- EXERCISE GOAL
Output only the lines below from the one containing "轻奢意式 极简小户型长方形家用复古风岩板餐桌椅组合实木吃饭桌子" to the one containing "-> When jerked, its", exactly as written, both ends kept.

+++ PROVIDED DATA

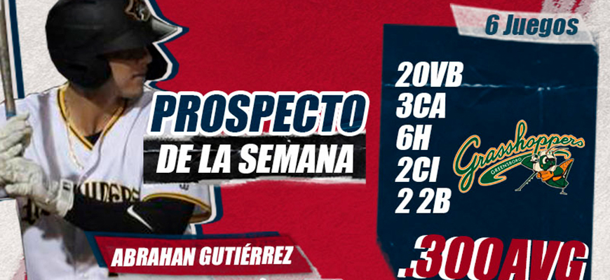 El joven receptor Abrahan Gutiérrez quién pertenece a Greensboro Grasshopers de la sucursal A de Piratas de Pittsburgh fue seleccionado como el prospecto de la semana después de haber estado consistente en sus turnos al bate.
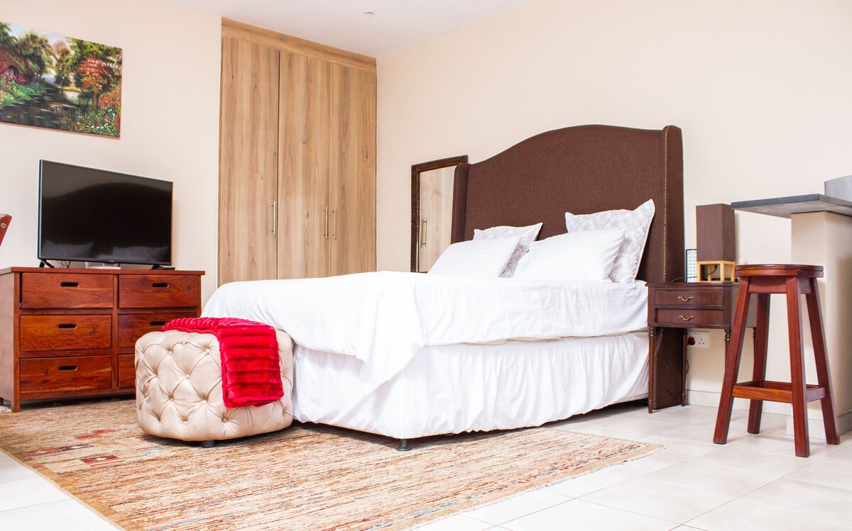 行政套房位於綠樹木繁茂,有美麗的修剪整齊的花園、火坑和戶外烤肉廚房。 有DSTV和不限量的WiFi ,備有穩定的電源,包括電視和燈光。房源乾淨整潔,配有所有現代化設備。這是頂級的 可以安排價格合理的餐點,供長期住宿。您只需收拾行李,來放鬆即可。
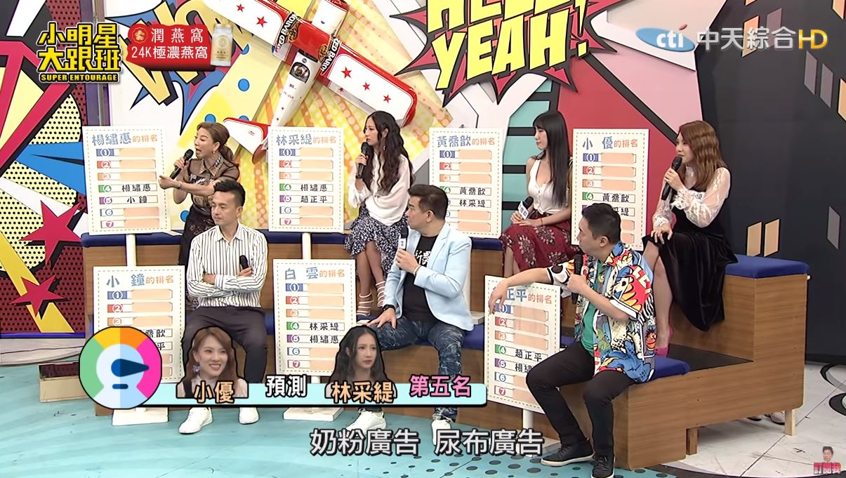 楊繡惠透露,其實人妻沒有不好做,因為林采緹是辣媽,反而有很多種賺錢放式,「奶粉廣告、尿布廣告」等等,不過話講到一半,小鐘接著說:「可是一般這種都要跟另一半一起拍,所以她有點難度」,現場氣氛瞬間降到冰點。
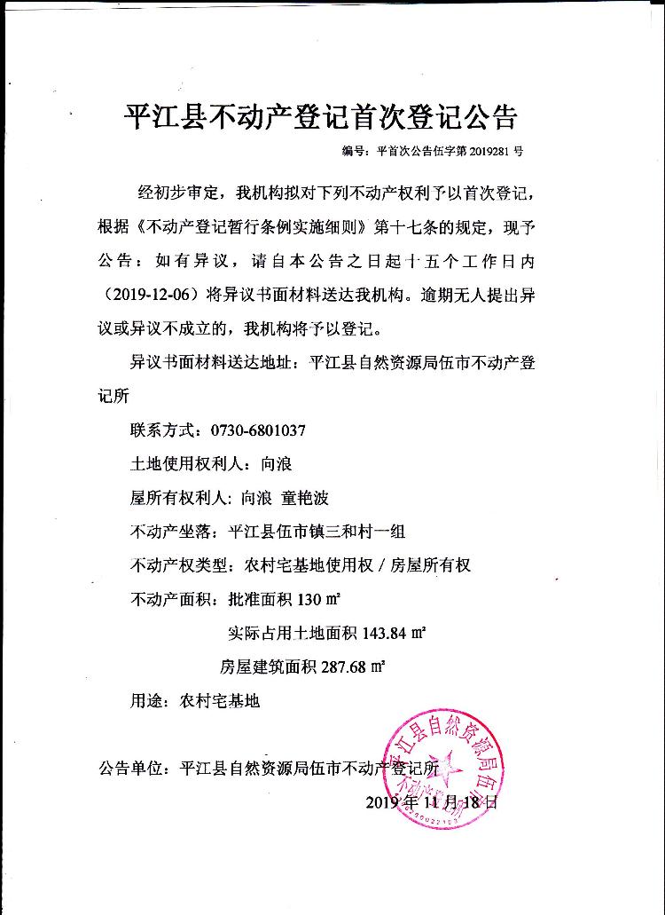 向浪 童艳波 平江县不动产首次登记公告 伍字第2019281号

++++++
+++ PROVIDED DATA

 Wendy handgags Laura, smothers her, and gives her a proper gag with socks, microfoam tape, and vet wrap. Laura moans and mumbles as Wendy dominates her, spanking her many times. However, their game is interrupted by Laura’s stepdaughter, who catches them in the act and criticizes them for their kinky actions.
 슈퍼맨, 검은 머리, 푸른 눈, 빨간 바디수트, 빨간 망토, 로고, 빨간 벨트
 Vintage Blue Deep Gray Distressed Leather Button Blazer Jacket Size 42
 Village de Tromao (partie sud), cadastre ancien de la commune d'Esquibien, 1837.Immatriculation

++++++
+++ PROVIDED DATA

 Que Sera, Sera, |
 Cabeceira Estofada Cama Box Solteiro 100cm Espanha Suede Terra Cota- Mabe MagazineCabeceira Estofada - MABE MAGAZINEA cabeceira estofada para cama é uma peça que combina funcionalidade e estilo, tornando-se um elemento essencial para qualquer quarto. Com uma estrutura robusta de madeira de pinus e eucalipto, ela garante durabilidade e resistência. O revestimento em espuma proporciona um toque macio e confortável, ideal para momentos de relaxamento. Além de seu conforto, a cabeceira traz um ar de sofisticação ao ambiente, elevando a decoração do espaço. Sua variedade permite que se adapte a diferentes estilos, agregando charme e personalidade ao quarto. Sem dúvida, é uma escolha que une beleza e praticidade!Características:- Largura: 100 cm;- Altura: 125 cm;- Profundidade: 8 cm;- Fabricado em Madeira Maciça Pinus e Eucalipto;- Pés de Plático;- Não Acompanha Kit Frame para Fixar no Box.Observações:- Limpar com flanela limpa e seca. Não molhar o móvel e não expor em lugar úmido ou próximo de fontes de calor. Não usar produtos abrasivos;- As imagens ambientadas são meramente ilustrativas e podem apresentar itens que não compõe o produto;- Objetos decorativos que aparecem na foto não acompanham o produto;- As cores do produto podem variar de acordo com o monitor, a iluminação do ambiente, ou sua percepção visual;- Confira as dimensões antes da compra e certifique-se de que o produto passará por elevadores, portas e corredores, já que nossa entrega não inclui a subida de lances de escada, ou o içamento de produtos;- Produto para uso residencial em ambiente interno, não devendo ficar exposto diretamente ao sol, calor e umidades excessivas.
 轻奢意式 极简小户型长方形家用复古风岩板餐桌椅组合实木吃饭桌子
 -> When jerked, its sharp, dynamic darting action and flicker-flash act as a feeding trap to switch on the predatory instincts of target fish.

++++++

- SOLUTION TO THIS PROBLEM
 轻奢意式 极简小户型长方形家用复古风岩板餐桌椅组合实木吃饭桌子
 -> When jerked, its sharp, dynamic darting action and flicker-flash act as a feeding trap to switch on the predatory instincts of target fish.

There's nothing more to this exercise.